WHAT TO DO: Any image in the records should be left out; output everything else exactly.

AVAILABLE DATA:

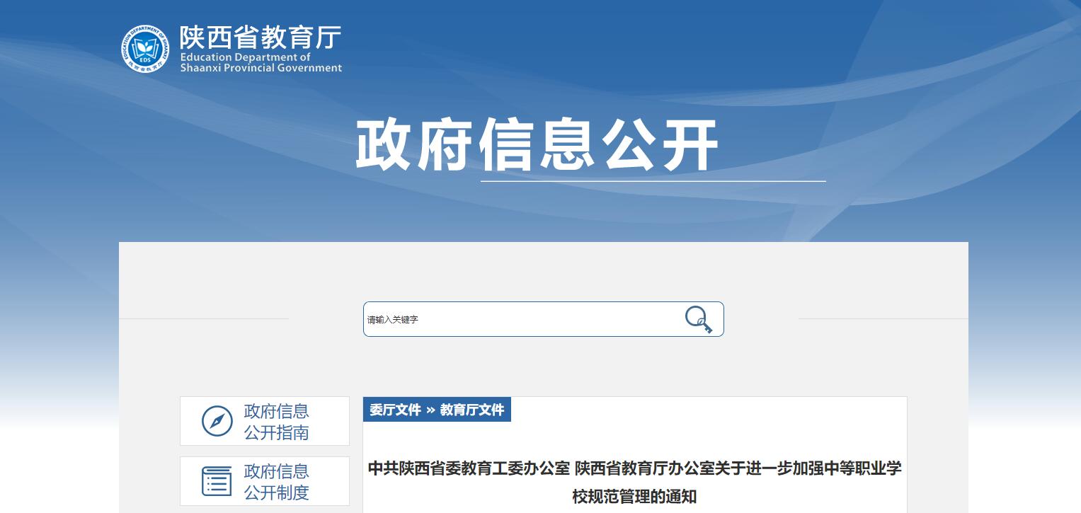 陜西省教育廳發(fā)布《關(guān)于進(jìn)一步加強中等職業(yè)學(xué)校規(guī)范管理的通知》
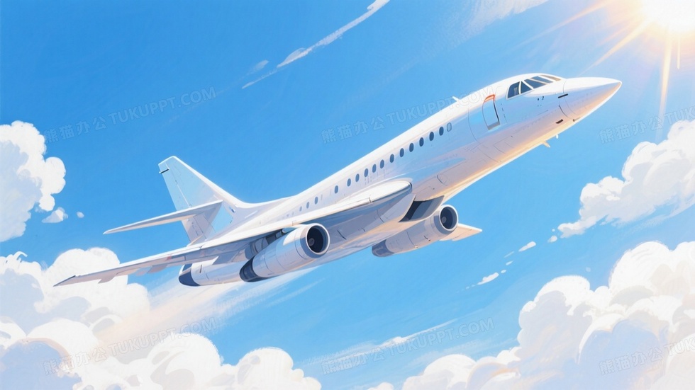 本作品内容为好看的飞机插画一架流线型的喷气式飞机在蓝天中飞行, 格式为 jpg, 大小1 MB, 图片尺寸为1664 x 936, 源文件无水印, 欢迎使用熊猫办公。 如认为平台内容涉嫌侵权,可通过邮件:tousu@tukuppt.com提出书面通知,我们将及时处理。
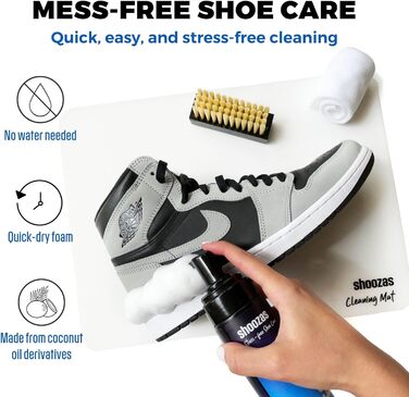 Опис Набір для чищення взуття Shoozas без використання води швидко висихаючий ,нетоксичний, з водонепроникним килимком
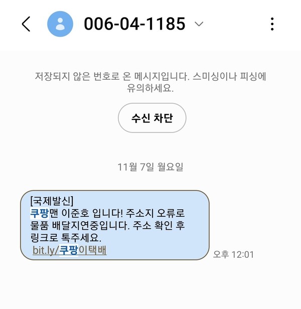 언뜻 보면 정말 배송오류로 인한 쿠팡맨의 문자메시지 같아 보이지만, 해당 문자는 [국제발신] 이라는 문구가 붙어있다. 번호 역시 `001`로 시작하는 만큼 해외에서 발송된 문자로 추정된다.
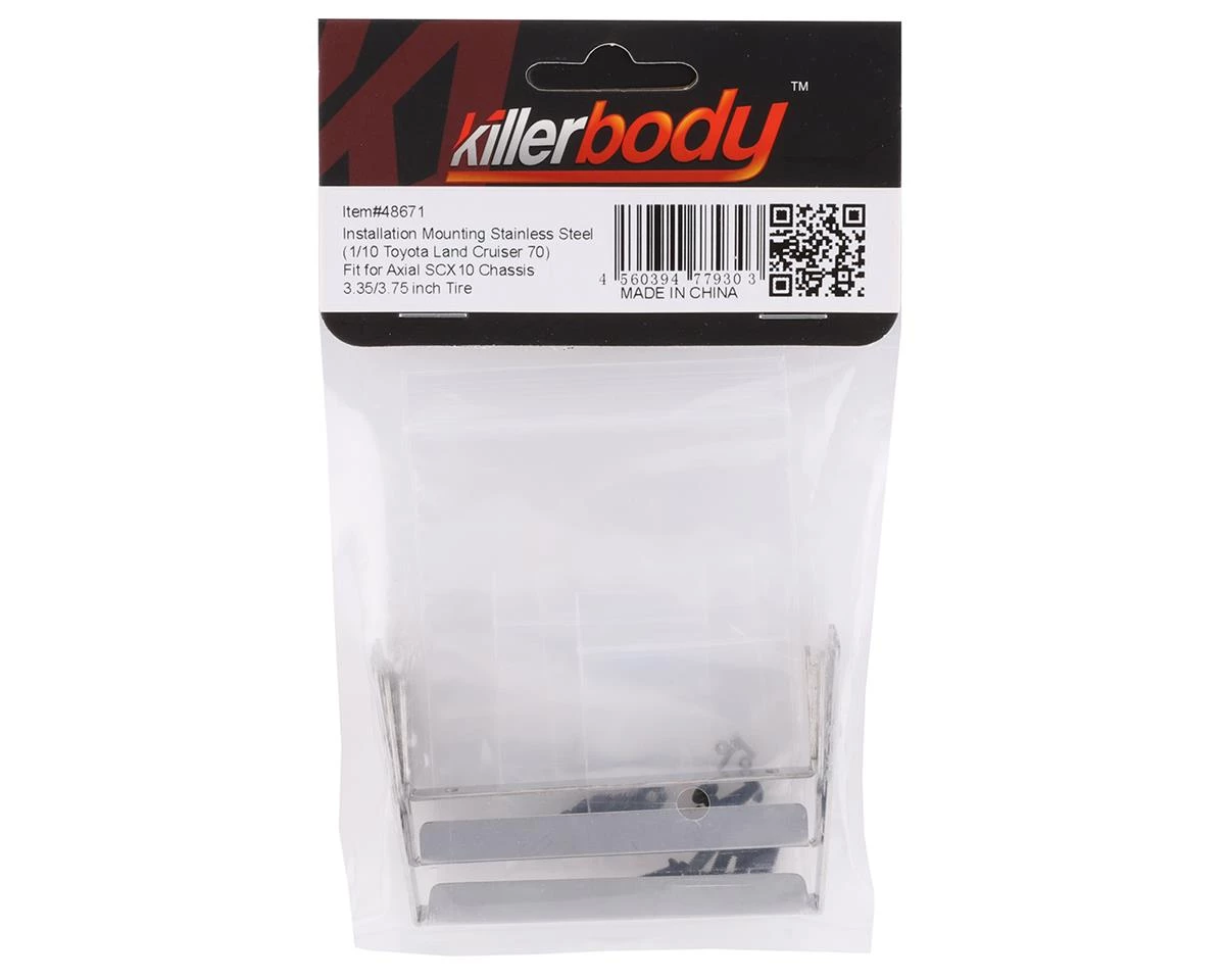Killerbody Axial SCX10 II Stainless Steel Body Mount Set. This body mount set is used with the Axial SCX10 II to mount the optional Killerbody LC70. Package includes three body mounts.
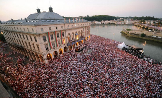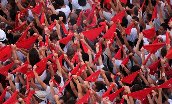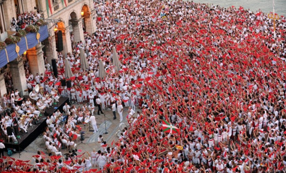当地时间2014年7月23日,法国巴约讷,数千名狂欢者高举红色围巾参加当地举行的巴约讷狂欢节。巴约讷每年夏季都会举办狂欢节,为期五天的狂欢将涵盖美食、运动、文化、音乐会、奔牛、和游行等精彩内容。
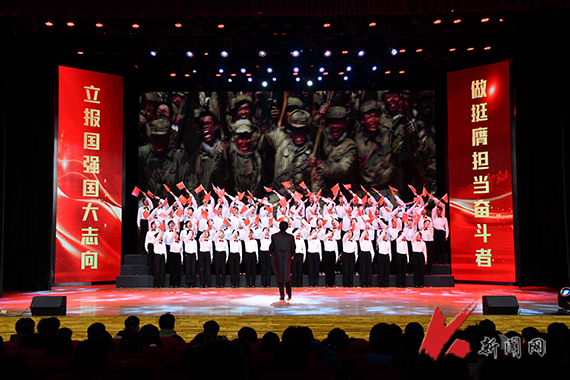 机械学院党委书记林雪芝指挥大学生合唱团倾情演唱《保卫黄河》,“风在吼,马在叫,黄河在咆哮……”铿锵有力的节奏,响亮的战斗口号,让人们纷纷追忆,在民族存亡的危难时刻,无数志士仁人高唱着《保卫黄河》奔赴前线奋勇杀敌,奏响了中华民族救亡图存的时代强音。
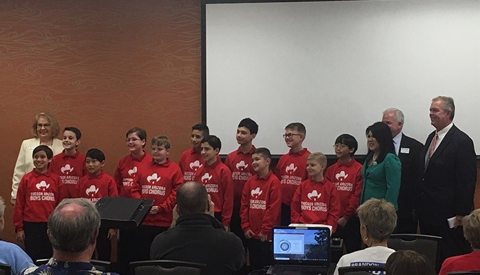 Yee addressed the enthusiastic Green Valley crowd following a phenomenal presentation by the Tucson Boys Chorus directed by Julian Ackerley. The Chorus is making the rounds in preparation for a performance at the White House.

EXERCISE RESPONSE:
 陜西省教育廳發(fā)布《關(guān)于進(jìn)一步加強中等職業(yè)學(xué)校規(guī)范管理的通知》
 本作品内容为好看的飞机插画一架流线型的喷气式飞机在蓝天中飞行, 格式为 jpg, 大小1 MB, 图片尺寸为1664 x 936, 源文件无水印, 欢迎使用熊猫办公。 如认为平台内容涉嫌侵权,可通过邮件:tousu@tukuppt.com提出书面通知,我们将及时处理。
 Опис Набір для чищення взуття Shoozas без використання води швидко висихаючий ,нетоксичний, з водонепроникним килимком
 언뜻 보면 정말 배송오류로 인한 쿠팡맨의 문자메시지 같아 보이지만, 해당 문자는 [국제발신] 이라는 문구가 붙어있다. 번호 역시 `001`로 시작하는 만큼 해외에서 발송된 문자로 추정된다.
Killerbody Axial SCX10 II Stainless Steel Body Mount Set. This body mount set is used with the Axial SCX10 II to mount the optional Killerbody LC70. Package includes three body mounts.
当地时间2014年7月23日,法国巴约讷,数千名狂欢者高举红色围巾参加当地举行的巴约讷狂欢节。巴约讷每年夏季都会举办狂欢节,为期五天的狂欢将涵盖美食、运动、文化、音乐会、奔牛、和游行等精彩内容。
 机械学院党委书记林雪芝指挥大学生合唱团倾情演唱《保卫黄河》,“风在吼,马在叫,黄河在咆哮……”铿锵有力的节奏,响亮的战斗口号,让人们纷纷追忆,在民族存亡的危难时刻,无数志士仁人高唱着《保卫黄河》奔赴前线奋勇杀敌,奏响了中华民族救亡图存的时代强音。
 Yee addressed the enthusiastic Green Valley crowd following a phenomenal presentation by the Tucson Boys Chorus directed by Julian Ackerley. The Chorus is making the rounds in preparation for a performance at the White House.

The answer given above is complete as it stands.